→ Your goal
Among the entries below, retype exactly the lines starting with the one with "Парфюмированное средство для" and going on through the one with "liste des devis", but not the pictures.

→ Given records
· · · · · · ·
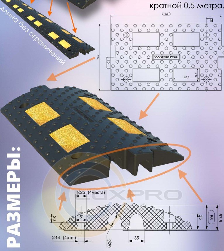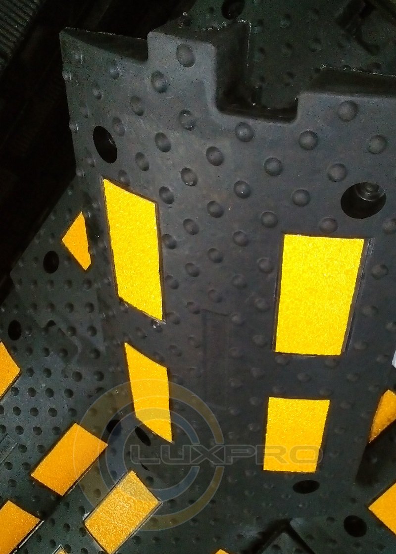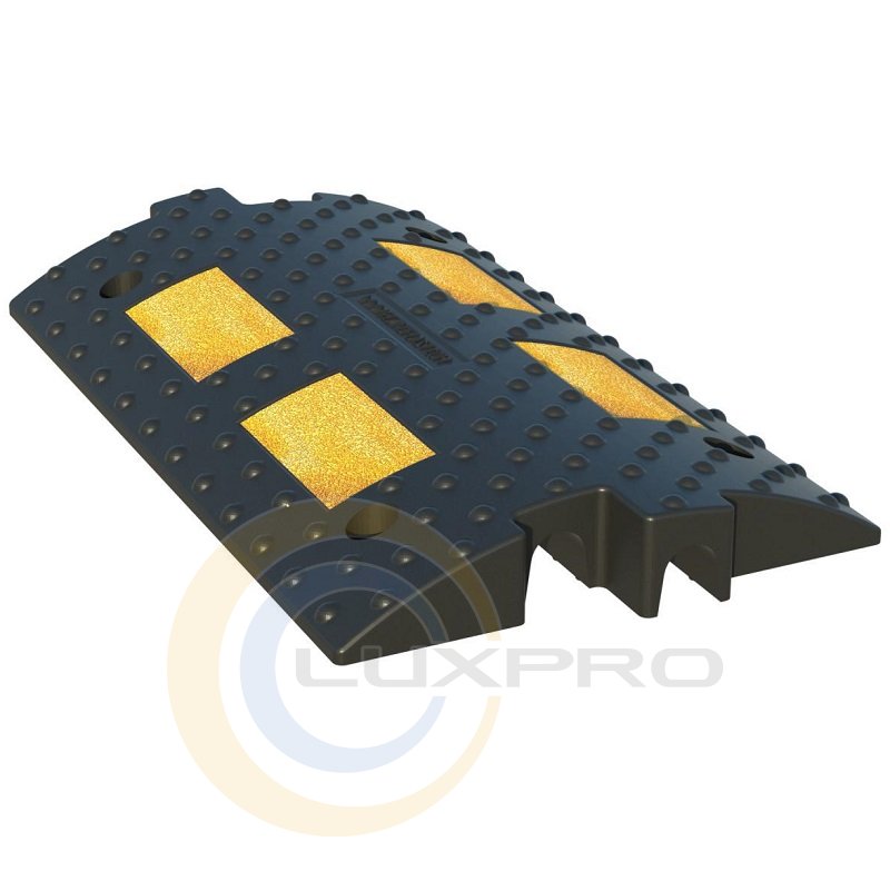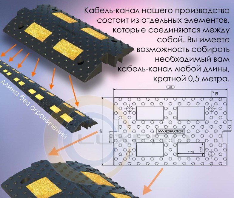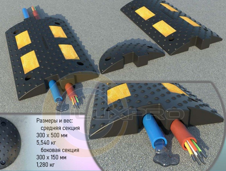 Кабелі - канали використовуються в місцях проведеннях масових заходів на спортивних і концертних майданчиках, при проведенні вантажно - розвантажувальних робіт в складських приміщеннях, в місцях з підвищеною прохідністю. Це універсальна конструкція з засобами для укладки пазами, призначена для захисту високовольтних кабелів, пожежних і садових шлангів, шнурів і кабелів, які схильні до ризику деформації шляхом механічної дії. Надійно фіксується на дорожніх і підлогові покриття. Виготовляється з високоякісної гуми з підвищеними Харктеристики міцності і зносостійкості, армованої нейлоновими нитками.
· · · · · · ·
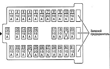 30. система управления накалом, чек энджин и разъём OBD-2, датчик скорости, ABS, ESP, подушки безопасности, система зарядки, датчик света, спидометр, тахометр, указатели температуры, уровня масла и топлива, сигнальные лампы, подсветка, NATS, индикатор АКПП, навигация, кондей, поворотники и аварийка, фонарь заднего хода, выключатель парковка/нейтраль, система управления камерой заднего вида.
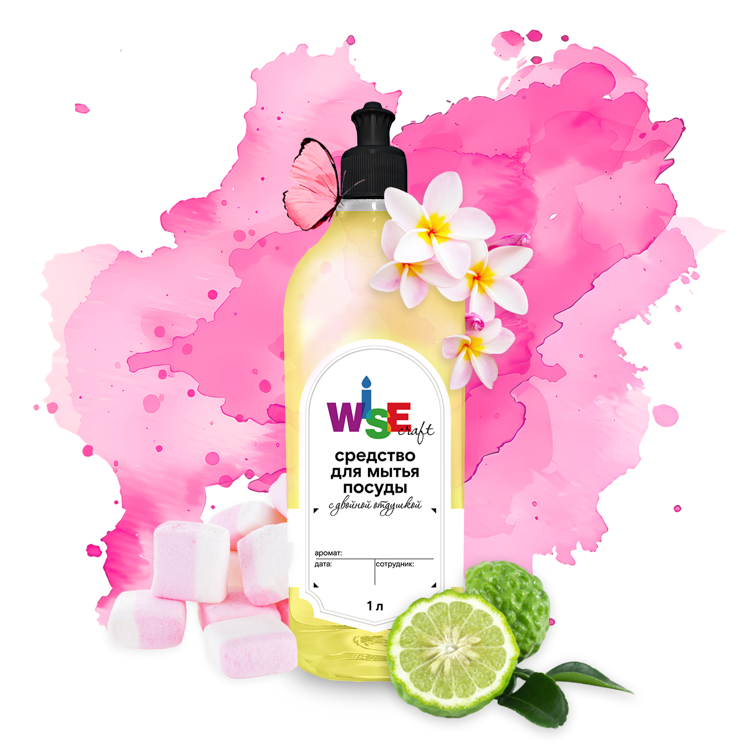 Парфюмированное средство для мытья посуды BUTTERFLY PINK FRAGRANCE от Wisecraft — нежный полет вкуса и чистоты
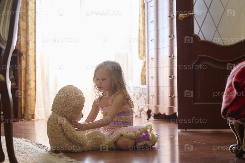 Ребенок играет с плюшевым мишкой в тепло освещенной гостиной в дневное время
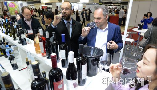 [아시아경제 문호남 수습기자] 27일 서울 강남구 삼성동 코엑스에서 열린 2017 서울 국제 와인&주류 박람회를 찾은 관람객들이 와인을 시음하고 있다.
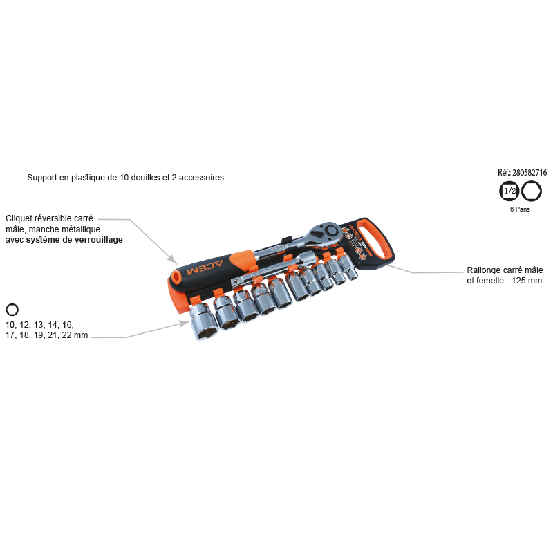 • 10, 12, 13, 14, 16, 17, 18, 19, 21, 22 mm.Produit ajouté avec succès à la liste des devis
· · · · · · ·
→ Task output
 Парфюмированное средство для мытья посуды BUTTERFLY PINK FRAGRANCE от Wisecraft — нежный полет вкуса и чистоты
 Ребенок играет с плюшевым мишкой в тепло освещенной гостиной в дневное время
 [아시아경제 문호남 수습기자] 27일 서울 강남구 삼성동 코엑스에서 열린 2017 서울 국제 와인&주류 박람회를 찾은 관람객들이 와인을 시음하고 있다.
 • 10, 12, 13, 14, 16, 17, 18, 19, 21, 22 mm.Produit ajouté avec succès à la liste des devis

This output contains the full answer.